とはいえ、公的な書類の場合は、捨印がなければ受理してもらえない可能性もあります。捨印を使用する場合は、公的な書類や信頼できる相手との契約時のみ使用するのがおすすめです。

捨印によるトラブルを避ける方法

前述のとおり、捨印を押すことによって、悪用される可能性があります。捨印にまつわるトラブルを避ける対策についてご紹介します。

捨印の使用方法をすり合わせる

捨印を押す際には、どのように使用するのかを相手方と話し合っておくことが大切です。例えば、修正が必要になった場合にどの程度の修正を相手方が行うのか聞いておきましょう。

大半が誤字脱字の修正が目的ですが、誤字脱字の修正以外の目的で使用する場合、どうすべきかお互いに理解しておくとトラブルが生じるリスクを抑えられます。

何ひとつ疑問を持たずに捨印を押すのは避け、使用される目的についてしっかりと確認し、把握しておきましょう。

捨印を押した書類のコピーをとっておく

捨印を押した書類のコピーをとっておくことも自衛として有効です。捨印を巡って万が一トラブルになった際、訂正前と訂正後を見比べられるようにしておきましょう。捨印を悪用された場合の解決策として効果的です。

コピーをとっておくことで、内容を勝手に変更されることを未然に防げるようにもなります。また、万が一変更されても変更前の書類のコピーがあれば、その証拠として提出することもできます。

捨印であることを明記する

自分は捨印として押したはずなのに、違う用途で使用されていたといった悪用を防ぐことも大切です。あらかじめ捨印欄がある書類ならそのまま押しても良いですが、捨印の欄がない書類に捨印を押す場合は印影の近くに「捨印」と明記しておけば悪用されづらくなります。

捨印として押したという意思が書類を見て一目瞭然になるように、忘れずに明記しておきましょう。

捨印で文書を訂正する方法

ここまでは捨印を押す側の注意について解説してきました。

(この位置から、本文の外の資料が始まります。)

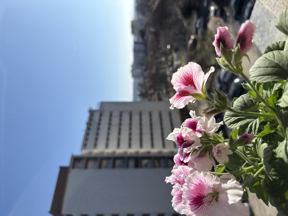 The image displays an elevated view over a cityscape in Varna, Bulgaria, under a clear blue sky with bright sunlight. In the immediate foreground, a potted plant features several light pink flowers with distinctive magenta stripes and green foliage, all rendered in sharp focus. The midground contains two out-of-focus, multi-story residential buildings characterized by light-colored facades and dark balcony structures. The building on the left has a reddish-brown roof. Beyond these buildings, the blurred panorama of Varna extends, showing dense urban development, numerous bare trees, and a visible parking area with parked vehicles. A large, indistinct blue body of water, consistent with the Black Sea or Varna Lake, is discernible on the distant horizon. No people are visible within the frame.

一方で、自分が捨印を押した書類を受け取る側になったときは、どのように書類を訂正すれば良いのでしょうか。

捨印が押された書類を訂正する場合は、訂正印を使用するときと同じ方法で訂正すれば問題ありません。

まず、誤字脱字がある部分に二重線を引きます。二重線を引いた場所の近くに正しい内容を記入しましょう。ここまでは、訂正印を使用する際の方法とほぼ同じです。

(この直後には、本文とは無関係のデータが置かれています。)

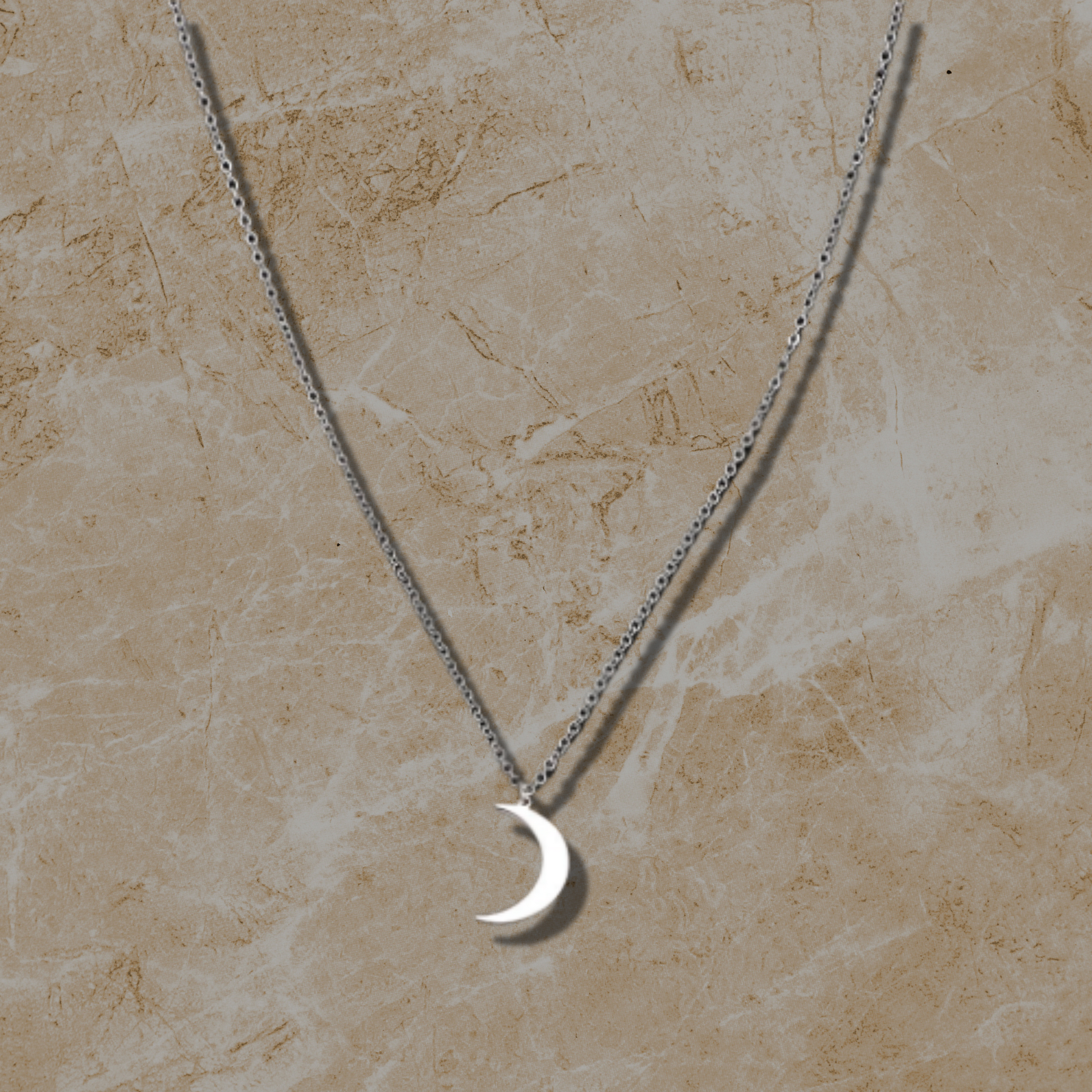 Offered in two radiant tones, gold and silver, the piece is designed to elevate both everyday essentials and evening ensembles. The clean lines and symbolic crescent shape make this necklace a subtle yet powerful expression of inner strength, grace, and intention.

捨印がある書類の場合は、捨印の近くに二重線で消した文字数と追加した文字数を記載します。例えば「3文字削除、2文字追加」などのように書いておけば問題ありません。もし、同じ書類で複数の部分の訂正をした場合は、その文字数の合計を記載しておきましょう。

訂正印は、訂正する箇所すべてに押す必要があります。しかし、捨印が押してある書類なら印影が1ヶ所で済むため、作業に手間がかからないのもメリットです。

まとめ

何気なく押している捨印ですが、実は悪用されるリスクもあるのです。そもそも捨印は押す義務がないものなので、捨印を求められた場合、拒否しても構いません。ただし、公的な書類などは捨印がないと受理してもらえないこともあるので注意しましょう。

捨印を押す場合は、捨印を押すことによるリスクをきちんと知り、書類を受け取る側との認識のすり合わせを行う必要があります。正しい知識で捨印を押し、トラブルに巻き込まれないようにしましょう。